Tuesday, February 12, 2013

In case you're wondering...

Some of you saw (or read about) my very emotional post from yesterday.  I've temporarily hidden it.  It was just too much for me to have just sitting out in public.  I may share it again some time, I don't know.  I'd like to write something though...I really do want to write on here more because I want to have somewhere to connect with people.  I don't like it just sitting blank.  But for now I need to take care of me and that means hiding myself a bit more than I have been.

Sunday, February 3, 2013

No one wants to hear it

I've joined a support group recently to start processing some issues from my past.  At first it was really great.  It was like coming in to AA for the first time...scary, but amazing because I was hearing people telling my story...telling the stuff that I always keep deep inside or don't have words for.  But after spending a bit more time there I'm realizing how "out there" my story is...even within a support group.  I'm not trying to prove that mine was worse than anyone's or that what other ppl went through doesn't matter...but as I listened to others in the group talk about their experiences...well it's different.  I was raised by truly psychotic people.  I believe that some of what I experienced comes pretty damn close to torture.  I know I'm not the only one that's experienced stuff like this.  I know there are others who have been through much worse.  But I felt out of place in the group when people were talking about having been molested once.  It just felt like my experience is a different kind of crazy, and that's scary.

And I don't know what to do with it.

I have very caring and supportive friends through AA.  But they are very much the "get over it" types.  They understand that it's a process....they're not like some who think that because it happened a long time ago I should just let it go....but they don't want to keep listening to me be miserable/grumpy/whatever.  My sponsor is the only one who knows any detail about my story...and she knows very little.  She knows there was sexual stuff involved though, which makes her different from anyone else.  I know it upsets her though...the other day I showed her a poem I wrote and she said it was good but then she had to turn away cus she didn't want me to see her cry.  (Totally strange since she's seen me cry a bunch of times, and has been in AA for a long time where everyone talks about being open bout how you feel...but that's another story for another time).  Only a couple of others in AA know I was abused.  I know there are lots of ppl in AA that care about me, even w/out knowing...and would want me to feel good, but i'm just too overwhelmed right now to care.  I've been hiding away from everyone for days now and really have no desire to go out in the world or talk to anyone.  I'm just tired and angry and overwhelmed...and I know what i should be doing to feel better but i don't want to do any of it because I don't care.  I think being in this group is tearing away a lot of denial for me...and I didn't even realize I was still in so much denial.  I'm just really overwhelmed by the enormity of what i've been through and there's no one I can talk to about that.  (I do have an amazing friend I can talk to online about it, but I mean in my face to face life).  There's no one that wants to hear it.  Even the people who want to be supportive don't want to know the details of what I went through and I don't want them to because I don't want to see their looks of horror.

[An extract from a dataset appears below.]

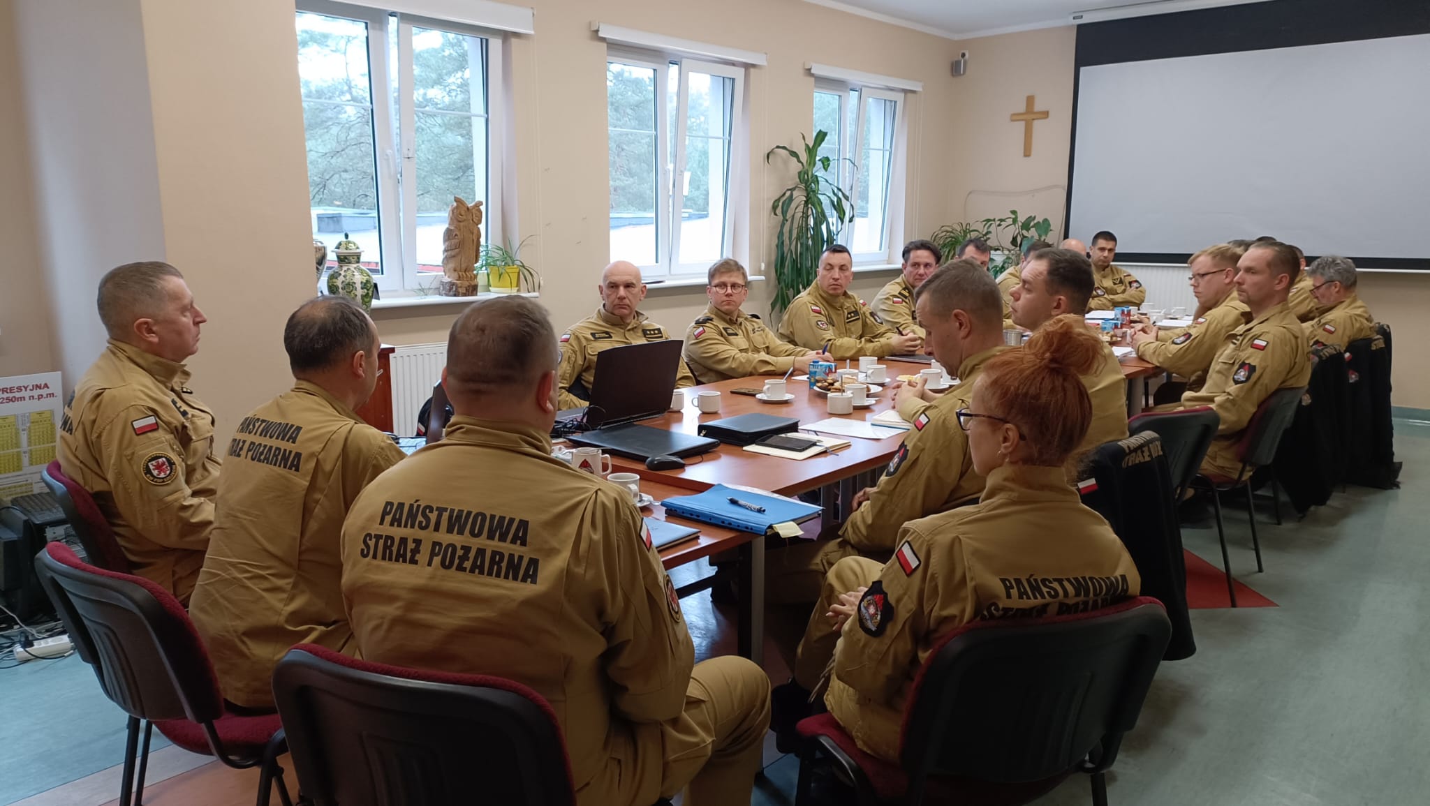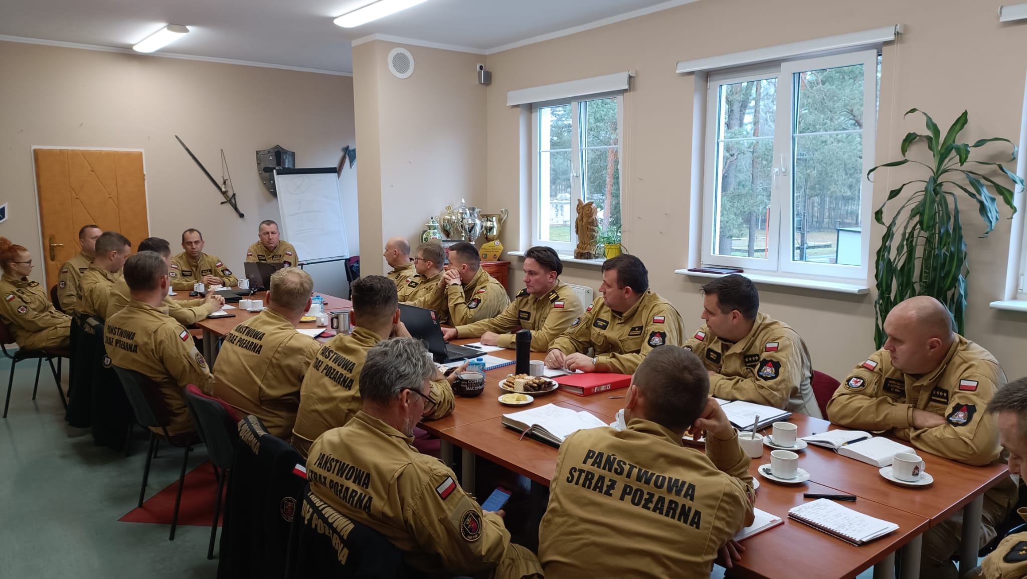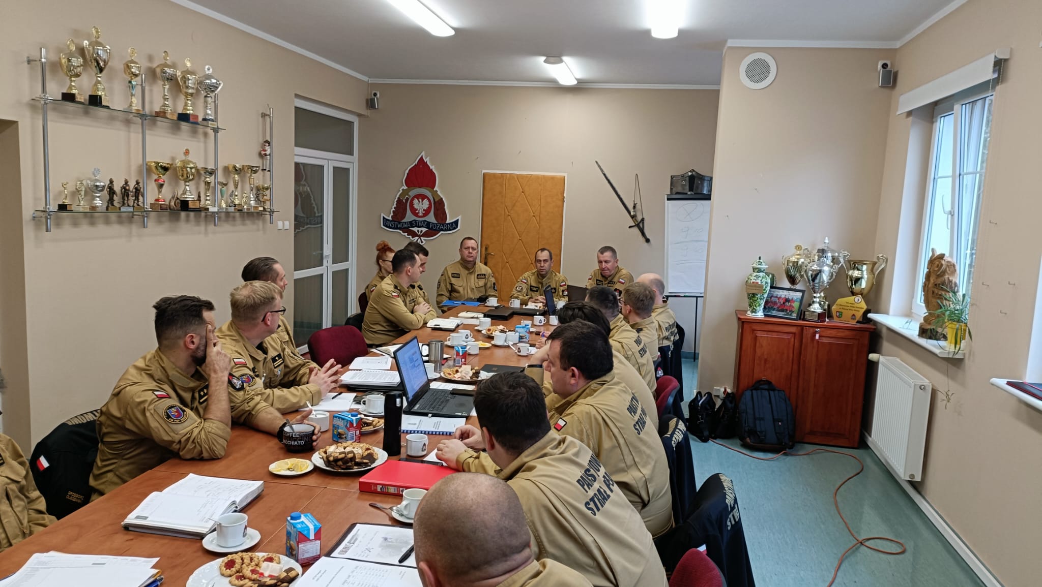 Spotkaniu przewodniczył st. bryg. Krzysztof Makowski Zastępca Zachodniopomorskiego Komendanta Wojewódzkiego PSP oraz st. bryg. Stanisław Wajszczuk i bryg. Leszek Gocół, kierownictwo wydziału Planowania Operacyjnego KW PSP Szczecin.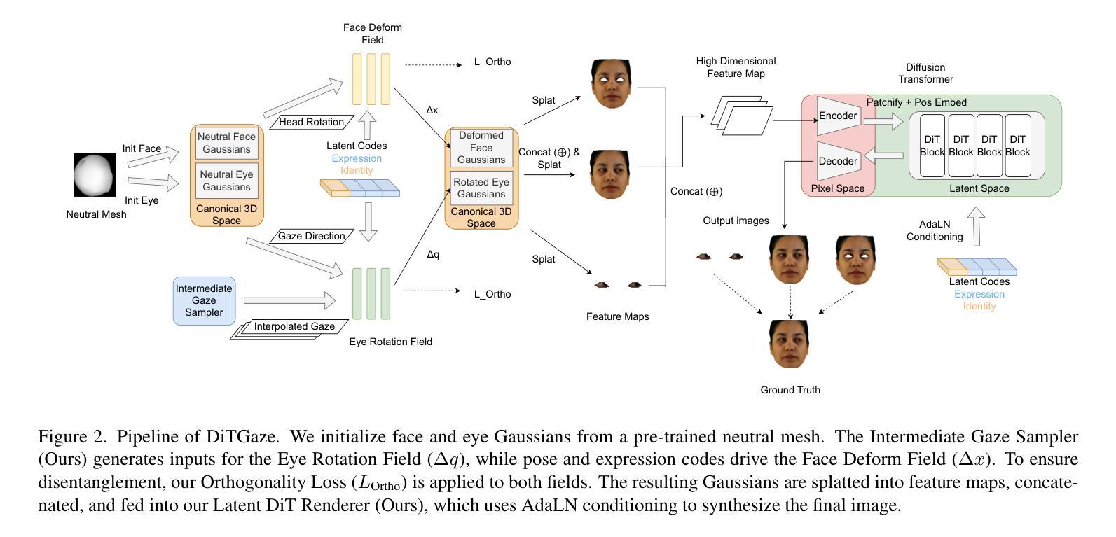 - DiT-Gaze框架结合了Diffusion Transformer(DiT)、不同视线角度的弱监督策略和正交约束损失,增强了3D视线重定向模型。

I don't know what I want...I just know I feel really really isolated right now.  I feel like I don't want to venture out into society because I don't fit in anywhere in the world.  There's no spot for me right now. I wish I'd never joined this group.  Before joining it I was happy most all the time in AA, and was finally feeling accepted and like a part of something.  Now I'm back to feeling completely alone.  I'm supposed to be getting together w/aa friends today and i think i have to go because my sponsor is hosting it but I so don't want to.  I don't want to call anyone....which is another thing i'm supposed to do when I feel like this...I just dont want to have anything to do with anyone because I feel like shit and don't want to be around people who won't get it.  And I'm sure that's selfish or whatever to say, and I know even pl who have experienced different but similar stuff can understand more than i'm giving them credit for and all that...but damnit right now i'm sick of this and i don't want to hear anyone else's crap.  Ugh I sound like an ass.

I wish someone would call me...but I'm kind of a pest usually so usually I'm the one doing the calling.  It's rare for anyone to call me...which of course makes me wonder if people are sick of me or don't want to hear from me.  I'm sure i'm overthinking it but that's in my head too.